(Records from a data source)
Start of Block

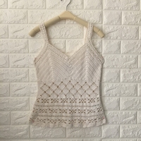 棉白色吊带衫女四季工厂直销2017新款OL手工钩织镂空绞花常规百搭
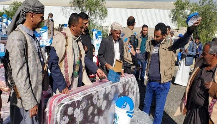 صنعاء: توزيع مساعدات إيوائية للنازحين بمديرية بني حشيش
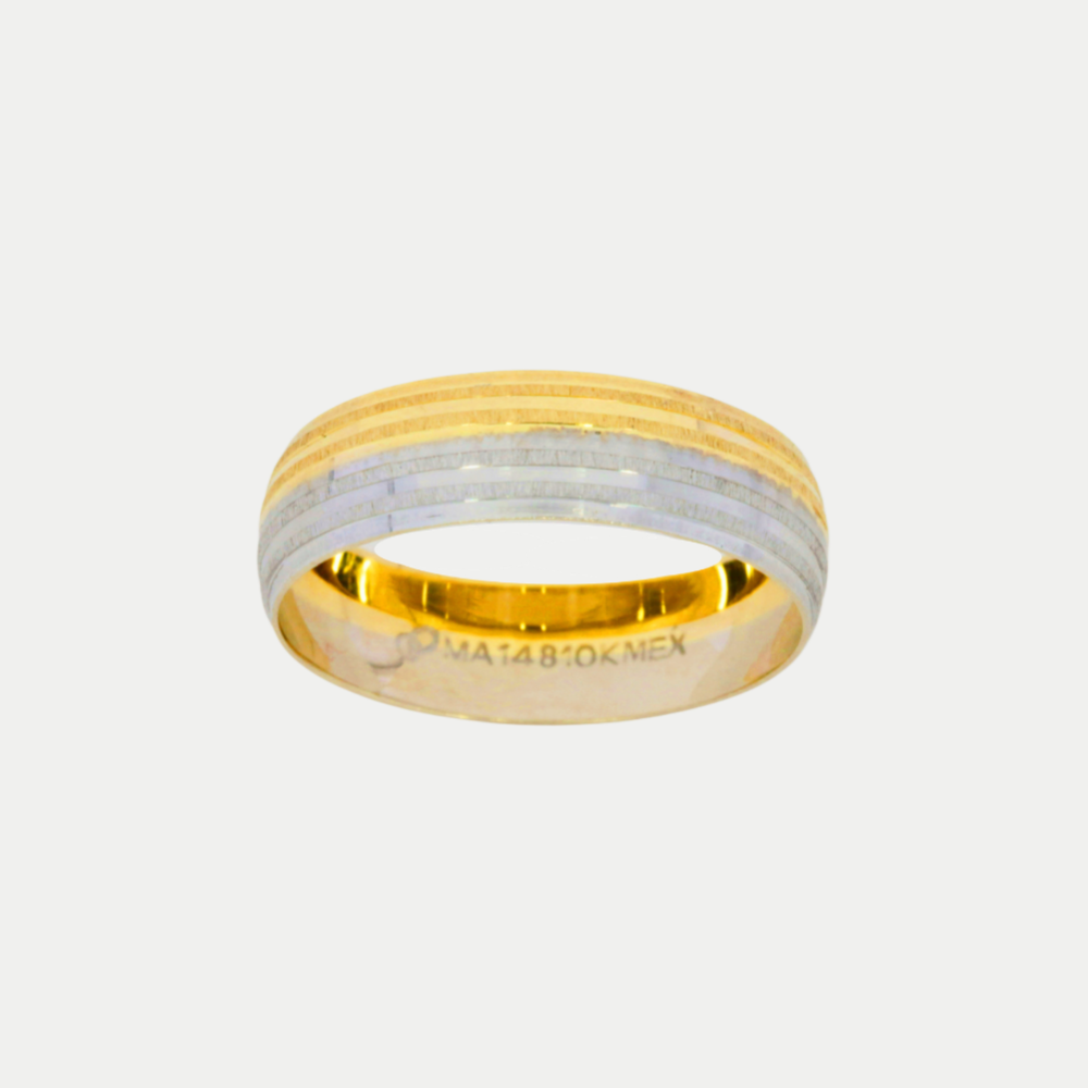 Hechas en oro amarillo combinadas con oro blanco, acabado satinado con líneas lisas que cubre todo el cuerpo del anillo, realizamos el grabado de nombre y fecha (letras y números) por la parte de adentro sin costo adicional. Ancho del anillo: 6mm Precio aplica para par con medidas 6.0 y 10.0. Mandar mensaje por WhatsApp para cotizar en diferentes medidas (tiene un costo extra cuando sumando las medidas de los dos anillos da un total de 16 puntos en adelante). Tiempo de preparación de los anillos: 20 días hábiles aproximadamente, mas el tiempo de entrega de paquetería que es de 2 - 5 días hábiles aproximadamente.
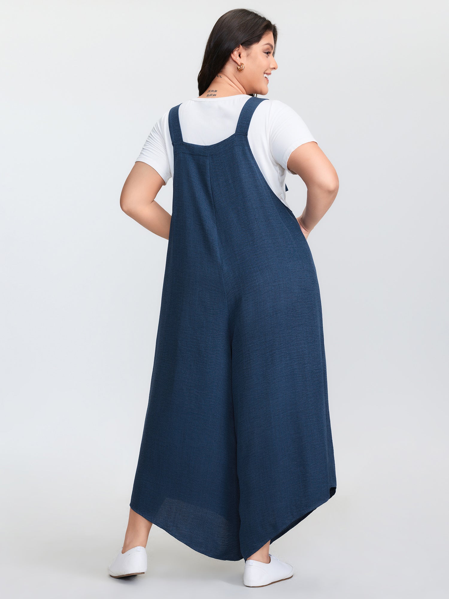 Adjustable Curvy Hem Pockets Overall Jumpsuit
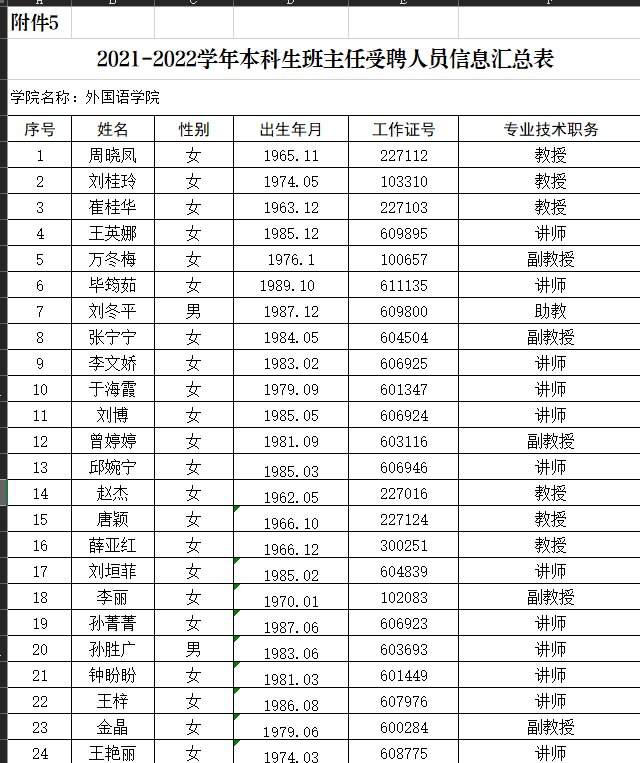 按照《JAVDatabase 本科生班主任队伍建设试行办法》要求,根据工作安排,经个人申报、系里推荐和学院评审,拟确定英语系周晓凤24人为JAVDatabase 2021-2022学年2020级、2021级班主任,具体名单见附件。
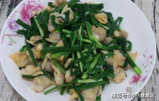 5、熱鍋涼油放入姜絲爆香,放入韭菜翻炒幾下,因為蜆子是熟的,避免炒老了所以後放蜆子。
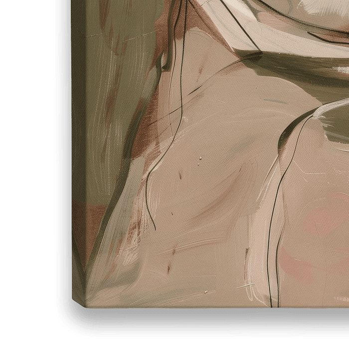 Modern en abstract portret in aardetinten en roze. Kies zelf het formaat en materiaal bij dit werk en maak er een echte blikvanger van voor je interieur, helemaal in de trend van nu!
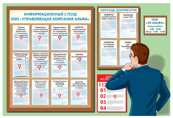 Как оформить информационные стенды в МКД и офисе УО, ТСЖ, ЖСК
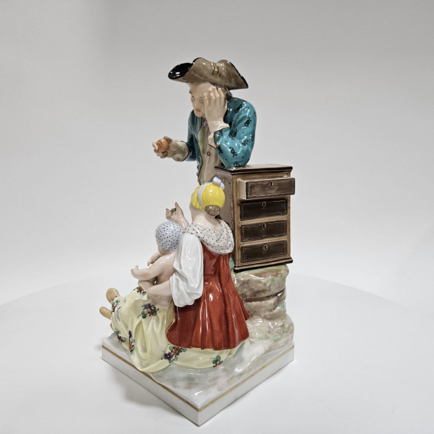 После перехода фабрики Гоцковского к Фридриху II она стала называться Королевской фарфоровой мануфактурой, и ее клеймом с самого начала был королевский скипетр. После перехода фабрики Гоцковского к Фридриху II она стала называться Королевской фарфоровой мануфактурой, и ее клеймом с самого начала был королевский скипетр. Портреты в медальонах, украшавшие берлинскую ампирную посуду и чашки, являются по большей части произведениями скульптора Леонарда Поша. Реакцией на холодный классицизм был стиль бидермейер, отвечающий мещанской любви к удобству и уюту. Изделия Берлинской фабрики именно в таком стиле имели широкой сбыт. Это были массовые изделия, но с определенным специфичным очарованием этой эпохи.
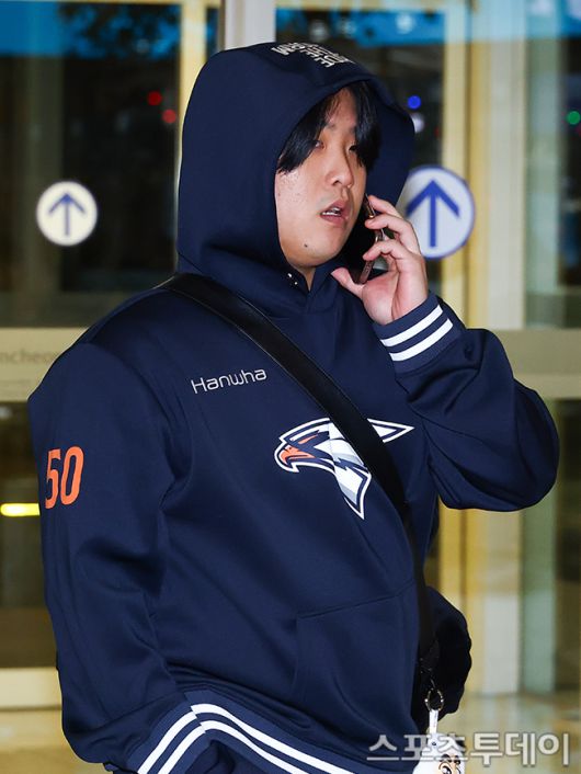 [ST포토] 한화 강백호, '새벽에도 열심히 통화중'
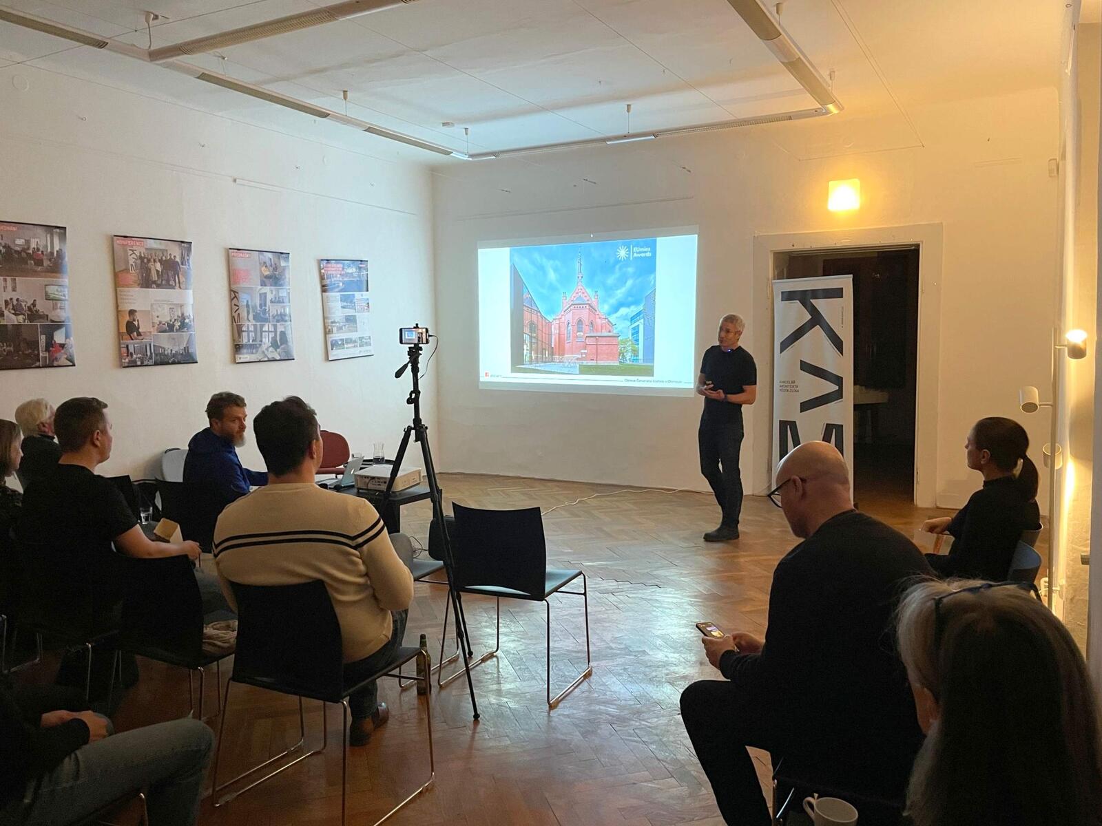 Jiným typem zkušenosti je obnova zámeckého areálu v Koryčanech, kde shoda mezi architekty a památkáři zatím nebyla nalezena. Přednáška tak nabídla i otevřenou reflexi procesů, které ovlivňují zacházení s kulturním dědictvím — od rozdílných interpretací hodnot až po obtížné hledání kompromisu v pracovních postupech.
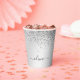 Vaso elegante con monograma de brillo y destellos plateados para cumpleaños, boda, fiesta de despedida de soltera o fiesta de soltera. Este vaso para fiesta de cumpleaños se puede personalizar para incluir tu inicial y nombre. Por favor, contacta con el diseñador para obtener artículos personalizados que coincidan.

End of Block

Reproduce every line above exactly as written, omitting the images.

 棉白色吊带衫女四季工厂直销2017新款OL手工钩织镂空绞花常规百搭
 صنعاء: توزيع مساعدات إيوائية للنازحين بمديرية بني حشيش
 Hechas en oro amarillo combinadas con oro blanco, acabado satinado con líneas lisas que cubre todo el cuerpo del anillo, realizamos el grabado de nombre y fecha (letras y números) por la parte de adentro sin costo adicional. Ancho del anillo: 6mm Precio aplica para par con medidas 6.0 y 10.0. Mandar mensaje por WhatsApp para cotizar en diferentes medidas (tiene un costo extra cuando sumando las medidas de los dos anillos da un total de 16 puntos en adelante). Tiempo de preparación de los anillos: 20 días hábiles aproximadamente, mas el tiempo de entrega de paquetería que es de 2 - 5 días hábiles aproximadamente.
 Adjustable Curvy Hem Pockets Overall Jumpsuit
 按照《JAVDatabase 本科生班主任队伍建设试行办法》要求,根据工作安排,经个人申报、系里推荐和学院评审,拟确定英语系周晓凤24人为JAVDatabase 2021-2022学年2020级、2021级班主任,具体名单见附件。
 5、熱鍋涼油放入姜絲爆香,放入韭菜翻炒幾下,因為蜆子是熟的,避免炒老了所以後放蜆子。
 Modern en abstract portret in aardetinten en roze. Kies zelf het formaat en materiaal bij dit werk en maak er een echte blikvanger van voor je interieur, helemaal in de trend van nu!
 Как оформить информационные стенды в МКД и офисе УО, ТСЖ, ЖСК
 После перехода фабрики Гоцковского к Фридриху II она стала называться Королевской фарфоровой мануфактурой, и ее клеймом с самого начала был королевский скипетр. После перехода фабрики Гоцковского к Фридриху II она стала называться Королевской фарфоровой мануфактурой, и ее клеймом с самого начала был королевский скипетр. Портреты в медальонах, украшавшие берлинскую ампирную посуду и чашки, являются по большей части произведениями скульптора Леонарда Поша. Реакцией на холодный классицизм был стиль бидермейер, отвечающий мещанской любви к удобству и уюту. Изделия Берлинской фабрики именно в таком стиле имели широкой сбыт. Это были массовые изделия, но с определенным специфичным очарованием этой эпохи.
 [ST포토] 한화 강백호, '새벽에도 열심히 통화중'
 Jiným typem zkušenosti je obnova zámeckého areálu v Koryčanech, kde shoda mezi architekty a památkáři zatím nebyla nalezena. Přednáška tak nabídla i otevřenou reflexi procesů, které ovlivňují zacházení s kulturním dědictvím — od rozdílných interpretací hodnot až po obtížné hledání kompromisu v pracovních postupech.
 Vaso elegante con monograma de brillo y destellos plateados para cumpleaños, boda, fiesta de despedida de soltera o fiesta de soltera. Este vaso para fiesta de cumpleaños se puede personalizar para incluir tu inicial y nombre. Por favor, contacta con el diseñador para obtener artículos personalizados que coincidan.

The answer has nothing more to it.